The letter from ACOBA to Paula Leach, HR director at the Home Office, stated: “In considering the application, the committee took into account that while Ms Calam has had some official dealings with McKinsey and other companies in the sector, there has been no commercial element and she has not been involved in any decisions affecting them.”
However, it noted that the Home Office had “no reservations about the propriety of this appointment".
Approval has been given by ACOBA, subject to conditions that Calam not use any “privileged information” from her time in the civil service.
For the next two years, she will not be allowed to lobby the government on behalf of her new employers, or using her “Whitehall contacts to influence policy or secure business on behalf of McKinsey and Company, its subsidiaries or clients".
And Calam will have to wait for a year until she can give advice on any bids or contracts relating to the Home Office, on “McKinsey client matters upon which she has been directly involved while in Crown service,” or to foreign governments devising policies regarding crime, policing or national security.
New ACOBA rules
ACOBA recently tweaked its advice to former ministers and officials seeking to work in the commercial sector, warning them not not to exploit their old contacts, or allow their new colleagues to do so, once in a new job.

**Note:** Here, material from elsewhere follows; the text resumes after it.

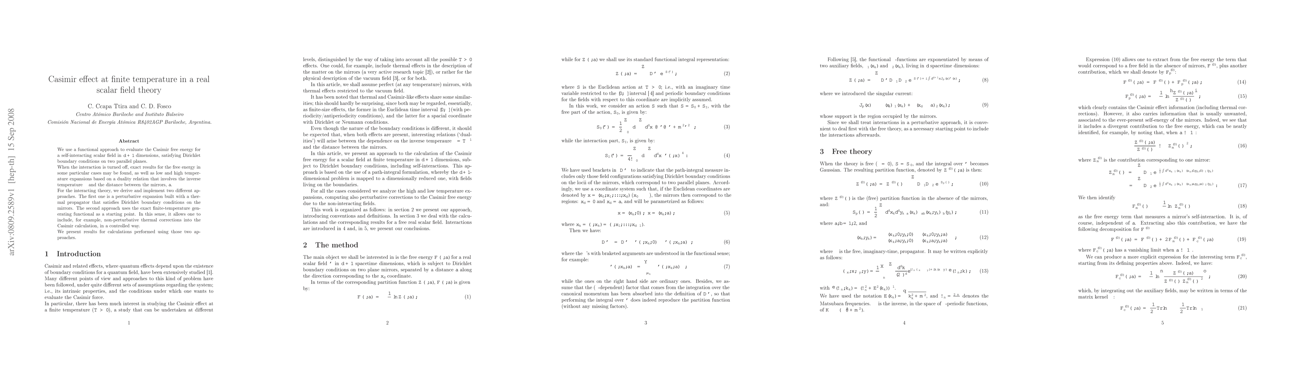 We use a functional approach to evaluate the Casimir free energy for a self-interacting scalar field in $d+1$ dimensions, satisfying Dirichlet boundary conditions on two parallel planes. When the interaction is turned off, exact results for the free energy in some particular cases may be found, as well as low and high temperature expansions based on a duality relation that involves the inverse temperature $\beta$ and the distance between the mirrors, $a$. For the interacting theory, we derive and implement two different approaches. The first one is a perturbative expansion built with a thermal propagator that satisfies Dirichlet boundary conditions on the mirrors. The second approach uses the exact finite-temperature generating functional as a starting point. In this sense, it allows one to include, for example, non-perturbative thermal corrections into the Casimir calculation, in a controlled way. We present results for calculations performed using those two approaches.

Fresh guidance drawn up by the watchdog, revealed in newly-published minutes of ACOBA's February board meeting, says that individuals who leave public service "should not make use, directly or indirectly, of his or her Whitehall contacts to influence policy or secure business for any organisations to which he or she moved.”
It will also “preclude other people working for an organisation from taking advantage of the former minister or official’s privileged access."

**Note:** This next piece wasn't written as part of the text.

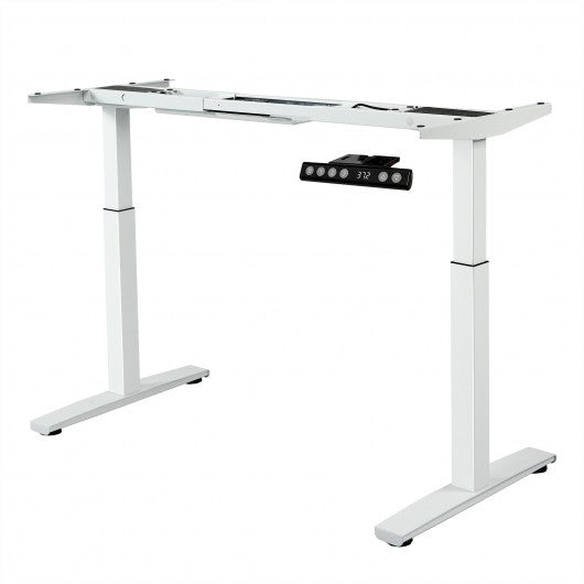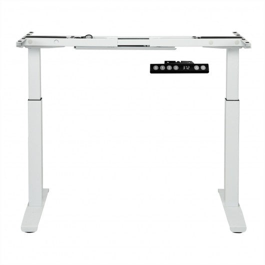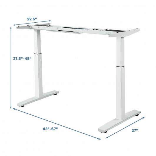 Prolonged sedentary work may lead to chronic fatigue and increase the risk of disease. This sit-stand desk mitigates these problems by allowing you to easily switch between sitting and standing to support your natural posture. Adjustable legs with a powerful lifting system will meet all your different height needs. The intelligent push-button controller features 3 programmable memory settings and up/down movement controls. You can easily preset your desired sitting position with the memory function. It not only kills the pain of the neck and back but also enables you to stay awake and alert after long hours of intense work. Constructed with heavy-duty steel this stand-up desk with 4 adjustable foot levelers is very sturdy and stable which can stand the test of time. The quiet operation will also win applause from you and never fail your passion for quietness. Moreover 43" to 67" adjustable width will perfectly match with various tabletop sizes. If you are looking for such a product don't hesitate to buy it now! Powerful smooth dual motor lift system with 1.5" per second lift speed 43 inch to 67-inch adjustable width is suitable for various tabletop sizes Adjustable height of 27.5"-45" allows you to find the optimal position to sit or stand to work Intelligent push-button controller with up/down buttons and 3 programmable memory settings LED display gives you an intuitive impression of the frame height All steel construction is sturdy and durable 4 adjustable foot levelers will keep the desk stable on uneven ground Easy to assemble with detailed instruction and all hardware included

According to ACOBA, the move was prompted by the "potential for public concern that some organisations might be given an unfair advantage over others as a result of the contacts of the former minister or crown servants they employed".
As a result, ACOBA will "supplement the wording of the lobbying ban in all cases where a former minister or Crown servant was seeking to take up employment in the sector which they were involved with while in office".
It is also taking a tougher line on former politicians and civil servants who only make an application to ACOBA after they have taken up a new job.
ACOBA will now only consider a retrospective application "where it was clear in the particular case that the delay had not been the fault of the applicant".
The body will also name and shame those who do not approach it in advance of taking up new roles outside government, in order to "encourage others to follow the correct process" and ensure that "any improper appointment would not pass without comment".
ACOBA chair Baroness Browning told MPs earlier this year that her organisation needed to do more to combat "the public’s perception of the revolving door situation" in which public servants move into private sector roles after leaving office.
But she rejected a suggestion by Labour's Paul Flynn that ACOBA was "a pussycat without teeth or claws", saying the watchdog was "given a remit with a set of rules that are drawn up by the government".